START DATA

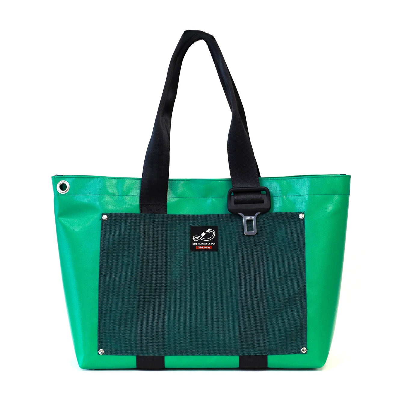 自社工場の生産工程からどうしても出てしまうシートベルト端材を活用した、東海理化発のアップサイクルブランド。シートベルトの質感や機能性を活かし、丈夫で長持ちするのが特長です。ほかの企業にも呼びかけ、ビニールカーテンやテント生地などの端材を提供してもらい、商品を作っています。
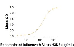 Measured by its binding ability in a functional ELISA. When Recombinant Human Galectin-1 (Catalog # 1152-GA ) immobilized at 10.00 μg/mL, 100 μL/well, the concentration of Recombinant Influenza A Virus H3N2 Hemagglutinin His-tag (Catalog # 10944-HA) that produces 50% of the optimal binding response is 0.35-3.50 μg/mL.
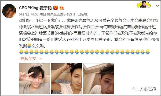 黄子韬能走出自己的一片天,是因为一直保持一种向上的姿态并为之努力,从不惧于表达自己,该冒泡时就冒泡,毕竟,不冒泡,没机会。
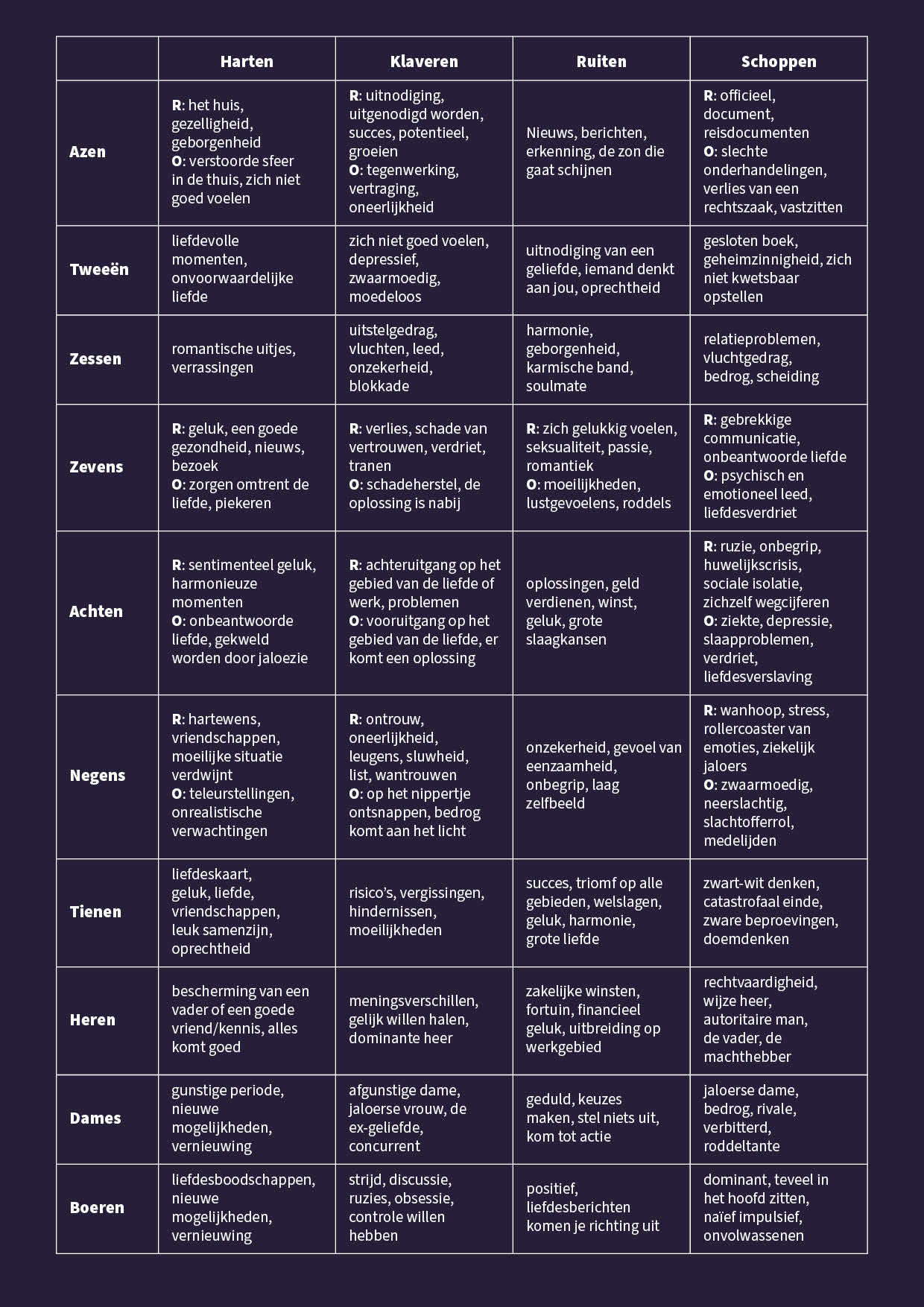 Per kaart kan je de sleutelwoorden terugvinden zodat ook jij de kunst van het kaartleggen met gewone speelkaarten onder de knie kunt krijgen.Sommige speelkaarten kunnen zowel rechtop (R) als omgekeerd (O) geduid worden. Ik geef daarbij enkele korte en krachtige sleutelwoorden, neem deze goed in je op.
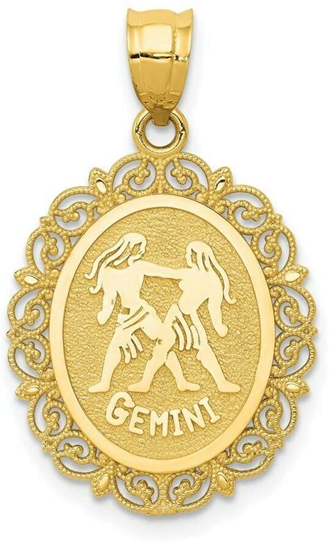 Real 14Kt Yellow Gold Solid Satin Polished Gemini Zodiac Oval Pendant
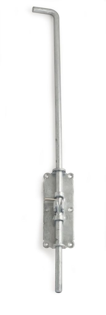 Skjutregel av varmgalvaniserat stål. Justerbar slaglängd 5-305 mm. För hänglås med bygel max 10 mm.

END DATA
START DATA

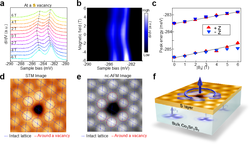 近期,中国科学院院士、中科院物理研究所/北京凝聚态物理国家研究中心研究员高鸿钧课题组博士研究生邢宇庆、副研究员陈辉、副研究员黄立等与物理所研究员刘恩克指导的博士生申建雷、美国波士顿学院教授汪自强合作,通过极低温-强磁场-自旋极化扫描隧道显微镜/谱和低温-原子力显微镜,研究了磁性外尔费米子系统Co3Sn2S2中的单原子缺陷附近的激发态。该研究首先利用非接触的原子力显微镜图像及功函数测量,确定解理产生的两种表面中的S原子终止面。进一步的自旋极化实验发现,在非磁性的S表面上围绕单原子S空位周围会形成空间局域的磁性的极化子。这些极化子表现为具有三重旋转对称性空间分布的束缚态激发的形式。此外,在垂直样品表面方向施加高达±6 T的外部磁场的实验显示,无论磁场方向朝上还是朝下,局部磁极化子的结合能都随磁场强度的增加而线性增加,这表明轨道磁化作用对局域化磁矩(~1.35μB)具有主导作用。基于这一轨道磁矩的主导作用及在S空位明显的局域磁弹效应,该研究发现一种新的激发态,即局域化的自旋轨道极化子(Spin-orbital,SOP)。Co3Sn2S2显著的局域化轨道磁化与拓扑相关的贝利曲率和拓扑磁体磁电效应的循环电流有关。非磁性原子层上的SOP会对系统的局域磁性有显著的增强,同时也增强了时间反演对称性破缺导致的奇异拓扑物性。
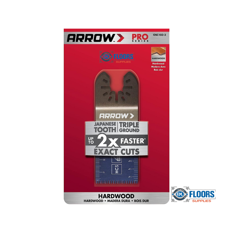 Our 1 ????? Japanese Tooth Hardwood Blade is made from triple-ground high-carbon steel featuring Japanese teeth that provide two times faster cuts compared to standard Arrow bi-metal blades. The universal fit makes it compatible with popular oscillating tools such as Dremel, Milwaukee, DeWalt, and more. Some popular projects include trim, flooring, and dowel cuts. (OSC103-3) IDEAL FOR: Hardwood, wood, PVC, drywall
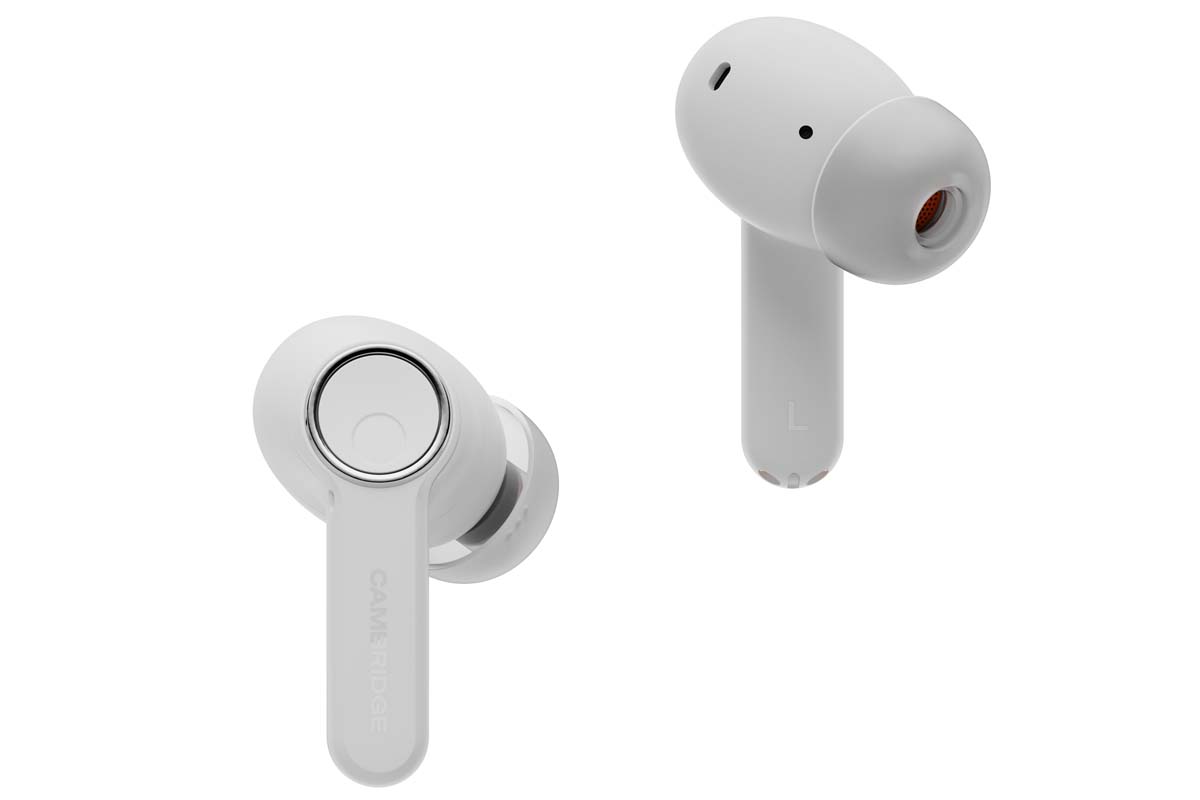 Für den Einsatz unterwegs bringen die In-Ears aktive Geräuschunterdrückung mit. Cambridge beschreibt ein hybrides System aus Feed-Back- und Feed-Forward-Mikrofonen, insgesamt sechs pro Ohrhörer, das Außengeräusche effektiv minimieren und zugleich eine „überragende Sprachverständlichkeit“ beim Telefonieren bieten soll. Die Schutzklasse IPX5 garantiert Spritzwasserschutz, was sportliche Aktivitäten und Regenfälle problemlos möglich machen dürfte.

END DATA
START DATA

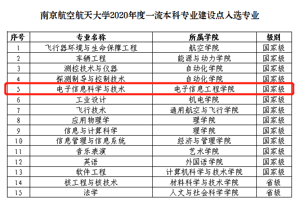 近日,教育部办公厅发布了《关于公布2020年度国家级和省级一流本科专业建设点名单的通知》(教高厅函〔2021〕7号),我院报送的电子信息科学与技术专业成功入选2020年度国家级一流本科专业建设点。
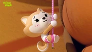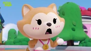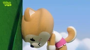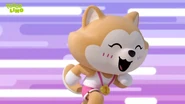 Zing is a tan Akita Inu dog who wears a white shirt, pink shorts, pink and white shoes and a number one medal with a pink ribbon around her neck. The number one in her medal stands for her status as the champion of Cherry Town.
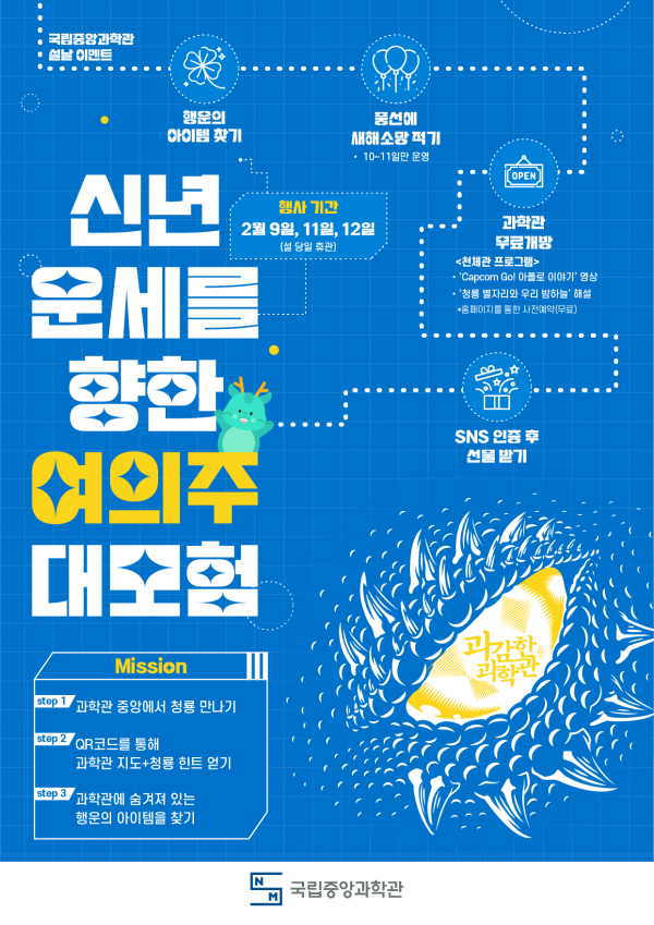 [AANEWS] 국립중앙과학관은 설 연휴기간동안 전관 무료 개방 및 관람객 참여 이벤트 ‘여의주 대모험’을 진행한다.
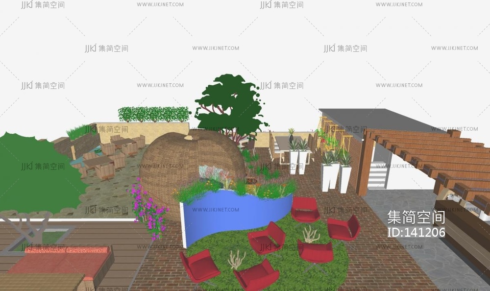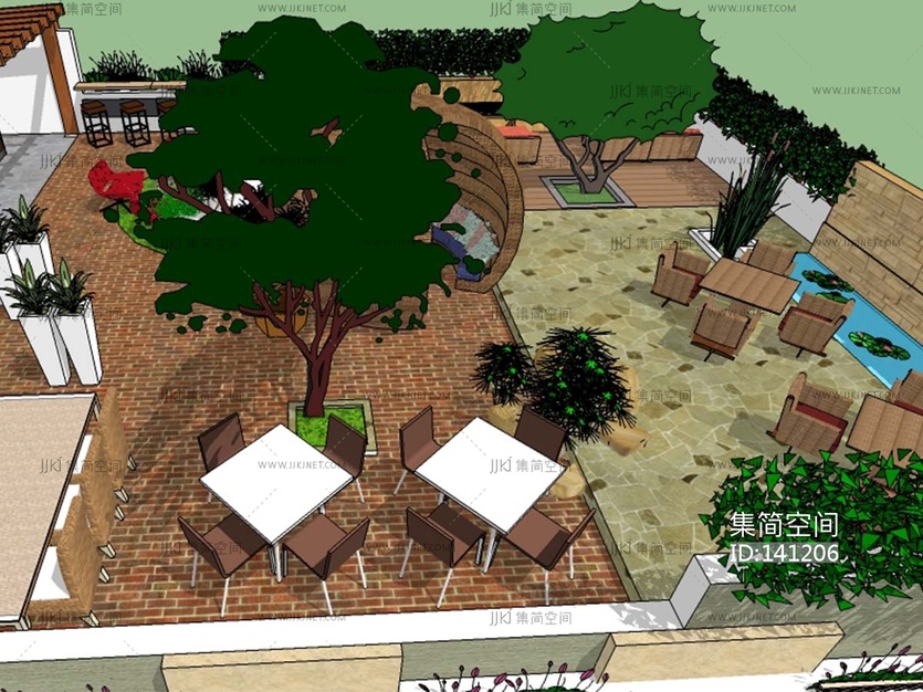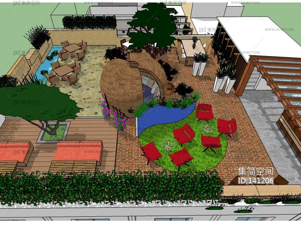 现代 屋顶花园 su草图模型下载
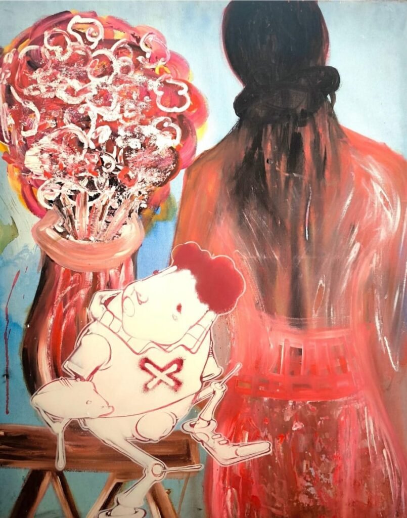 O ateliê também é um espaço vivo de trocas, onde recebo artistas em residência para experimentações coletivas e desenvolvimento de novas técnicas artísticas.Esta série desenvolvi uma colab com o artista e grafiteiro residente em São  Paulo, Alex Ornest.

END DATA

### YOUR TASK
What is needed is an exact copy of the lines above from the one with "自社工場の生産工程からどうし" to the one with "Real 14Kt Yellow", both ends kept, and nothing more; please leave the pictures out.

### TASK SOLUTION
 自社工場の生産工程からどうしても出てしまうシートベルト端材を活用した、東海理化発のアップサイクルブランド。シートベルトの質感や機能性を活かし、丈夫で長持ちするのが特長です。ほかの企業にも呼びかけ、ビニールカーテンやテント生地などの端材を提供してもらい、商品を作っています。
 Measured by its binding ability in a functional ELISA. When Recombinant Human Galectin-1 (Catalog # 1152-GA ) immobilized at 10.00 μg/mL, 100 μL/well, the concentration of Recombinant Influenza A Virus H3N2 Hemagglutinin His-tag (Catalog # 10944-HA) that produces 50% of the optimal binding response is 0.35-3.50 μg/mL.
 黄子韬能走出自己的一片天,是因为一直保持一种向上的姿态并为之努力,从不惧于表达自己,该冒泡时就冒泡,毕竟,不冒泡,没机会。
 Per kaart kan je de sleutelwoorden terugvinden zodat ook jij de kunst van het kaartleggen met gewone speelkaarten onder de knie kunt krijgen.Sommige speelkaarten kunnen zowel rechtop (R) als omgekeerd (O) geduid worden. Ik geef daarbij enkele korte en krachtige sleutelwoorden, neem deze goed in je op.
 Real 14Kt Yellow Gold Solid Satin Polished Gemini Zodiac Oval Pendant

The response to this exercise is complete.